What's wrong with using Manglish, mate?

  • Opinion
  • Tuesday, 08 Oct 2013

First published on May 1, 2001:

I AM convinced that your articles on Malaysian English are a waste of good paper. Americans, Australians, and even the English, do not speak English properly. English is an evolving language witnessed by the fact that the Oxford English Dictionary now incorporates words from many other languages (including Malaysian) that have become a part of everyday English.

Americans use the word “gotten” in most sentences. North Queensland Australians use “eh” at the end of most sentences. Scottish, Welsh and Irish are almost impossible to understand without a lot of practice and patience.

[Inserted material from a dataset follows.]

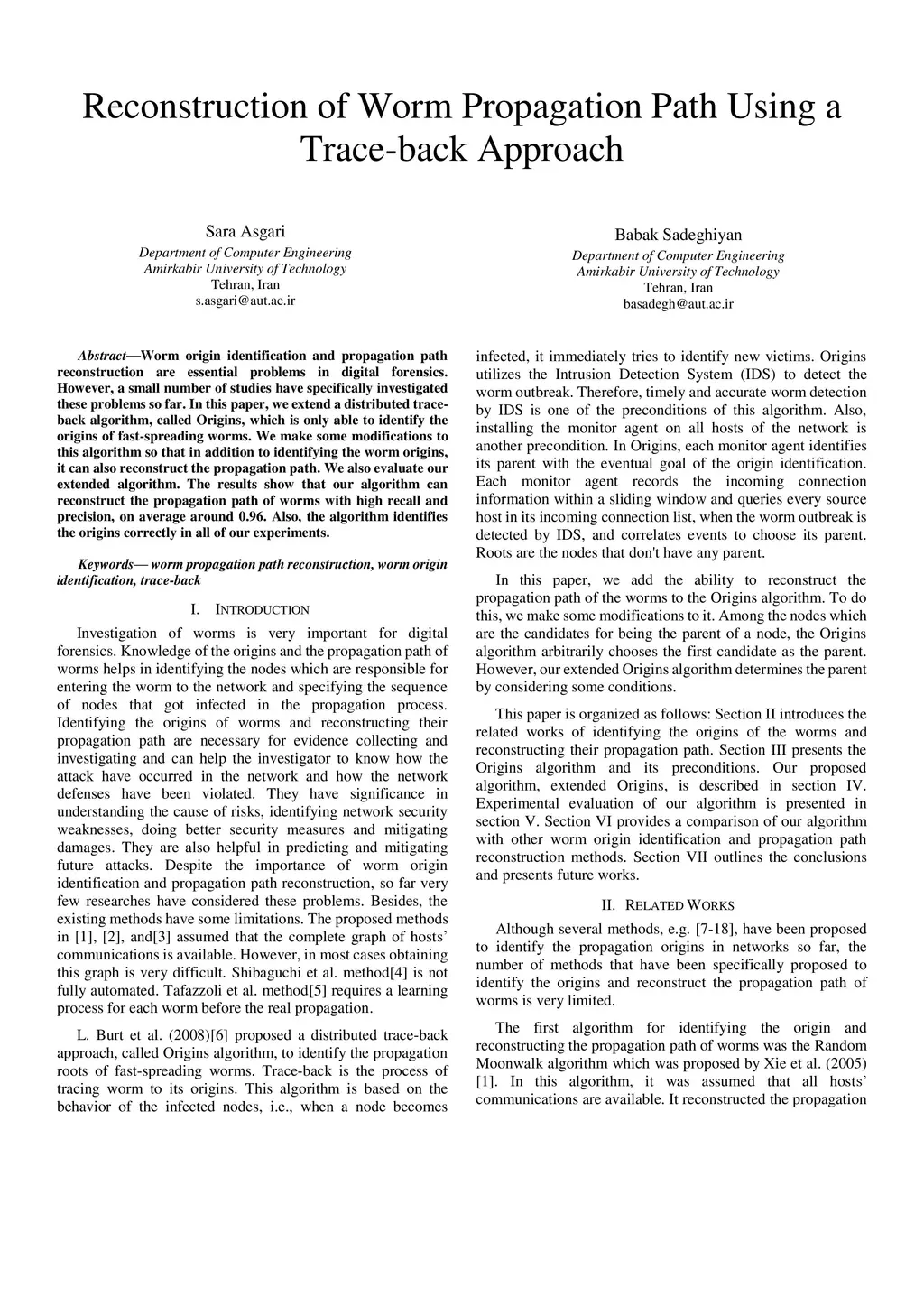 Reconstruction of Worm Propagation Path Using a Trace-back Approach

So, what’s wrong with Manglish? It’s no worse than Singlish, Ozlish or Yanklish. Americans, Australians, Kiwis and South Africans are proud of their strange versions of English.

My Australian nephew was recently told to provide a list of 25 Australian words and sayings as a part of his school “English” test.

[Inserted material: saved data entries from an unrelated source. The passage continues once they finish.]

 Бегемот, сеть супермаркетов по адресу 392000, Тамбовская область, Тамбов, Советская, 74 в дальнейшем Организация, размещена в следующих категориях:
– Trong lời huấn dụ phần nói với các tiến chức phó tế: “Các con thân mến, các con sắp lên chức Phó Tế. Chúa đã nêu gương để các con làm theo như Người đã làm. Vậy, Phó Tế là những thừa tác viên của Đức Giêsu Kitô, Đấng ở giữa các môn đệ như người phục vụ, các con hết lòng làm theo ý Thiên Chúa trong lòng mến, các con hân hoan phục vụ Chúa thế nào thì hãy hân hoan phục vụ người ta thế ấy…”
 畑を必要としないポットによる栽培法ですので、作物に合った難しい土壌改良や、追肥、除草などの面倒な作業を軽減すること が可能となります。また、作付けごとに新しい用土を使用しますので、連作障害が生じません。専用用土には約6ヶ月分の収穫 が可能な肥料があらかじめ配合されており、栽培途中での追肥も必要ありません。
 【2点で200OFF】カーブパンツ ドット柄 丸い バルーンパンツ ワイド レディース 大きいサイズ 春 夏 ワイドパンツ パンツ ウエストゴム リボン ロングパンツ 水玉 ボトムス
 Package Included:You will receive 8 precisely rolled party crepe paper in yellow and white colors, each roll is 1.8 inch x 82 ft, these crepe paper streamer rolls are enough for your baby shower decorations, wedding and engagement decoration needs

With a bit of my help, he received a 96% pass rate with gems such as “smack us in the eye with a hunk a dodger, mate” (“pass the bread”), and “I dips me lid” (“I take my hat off to you” or “I respect you”).

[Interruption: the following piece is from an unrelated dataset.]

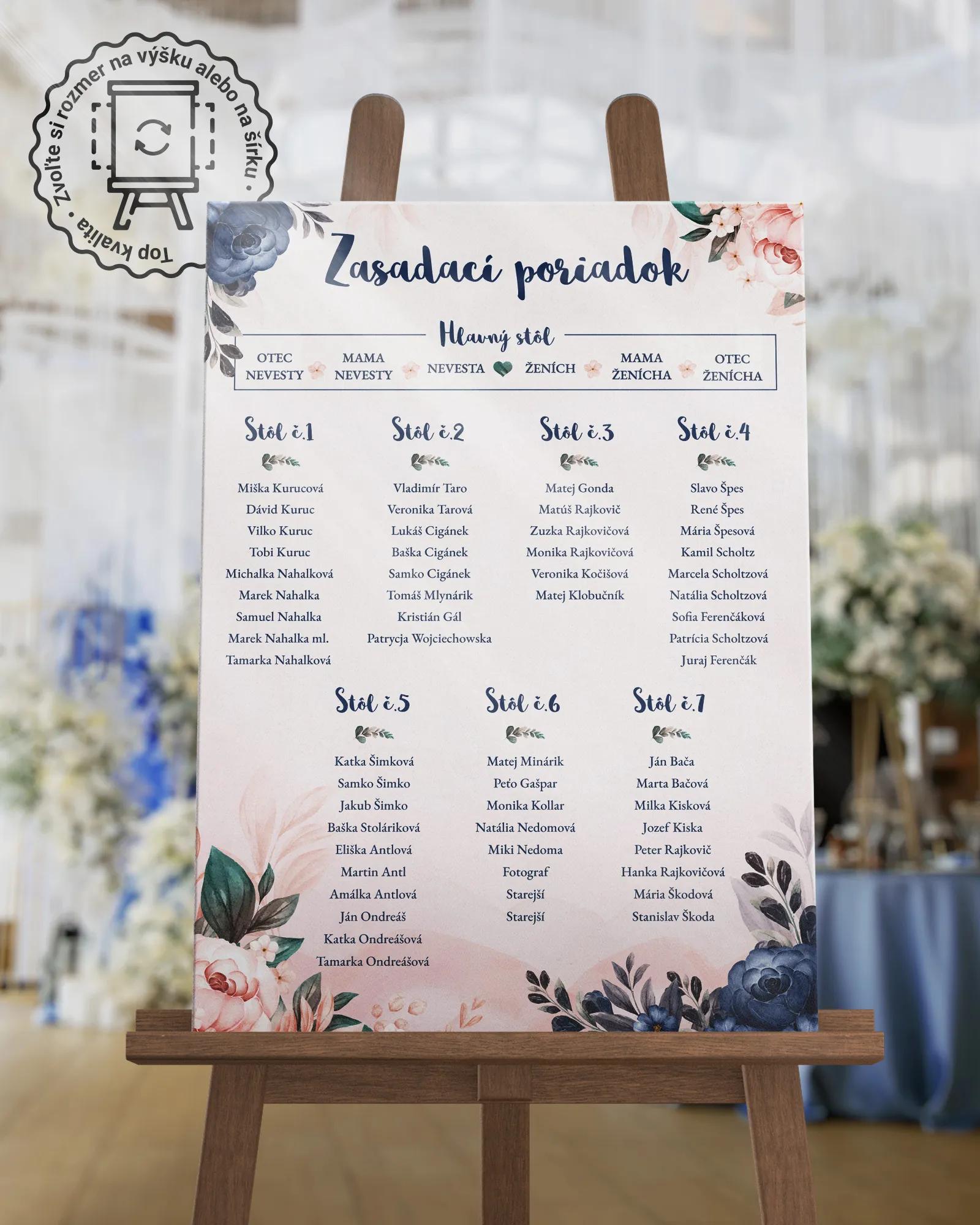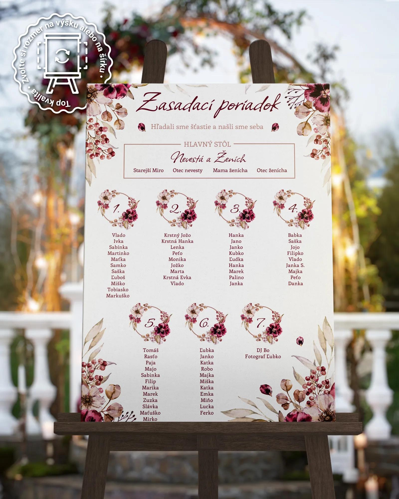 Svadobný zasadací poriadok vzor Kvetinový sen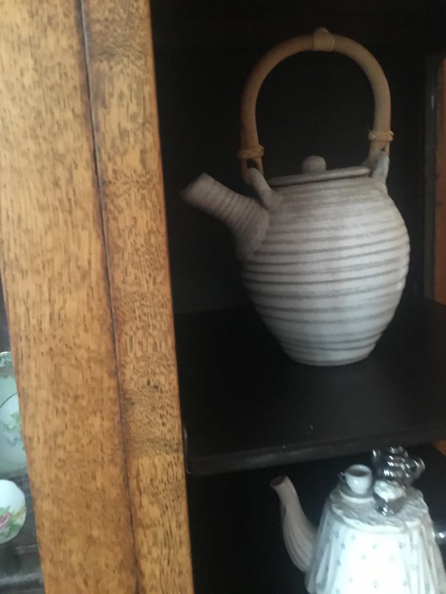 Small pottery tea pot. Good for display as well as making tea, very nice looking.

In Malaysia, English is the third or fourth language for nearly 50% of the population. When I met my partner and her Standard Two daughter six years ago, their English was perfectly understandable, albeit scattered with amusing slices of Manglish.

I found it very appealing and sensual to hear the language spoken in such an interesting way. When one says “my tyre has lost its flower,” the meaning is quite obvious except to the most stupid person.

During our four-month travel through western Europe last year, we noted that Holland is the only country where English is widely and properly spoken. Switzerland was the worst and in most other countries, we resorted to graphic demonstrations of a chicken flapping its wings to make it clear that we wanted chicken on our baguettes.

The lack of good English in the general population of western Europe has not prevented them from succeeding in the developed world, or in successfully trading with English-speaking countries.

In Australia, you can buy many books teaching “Australian English,” where international tourist promotions say “G day” and “chuck another shrimp on the barbie” (put another prawn on the barbecue). Where are the books on Manglish?

Do we really want to talk like Prince Charles or Queen Elizabeth?

So long as others can understand what you mean, that’s really all that matters. Don’t let any inexperienced, narrow-minded, arrogant, English-speaking foreigner tell you otherwise.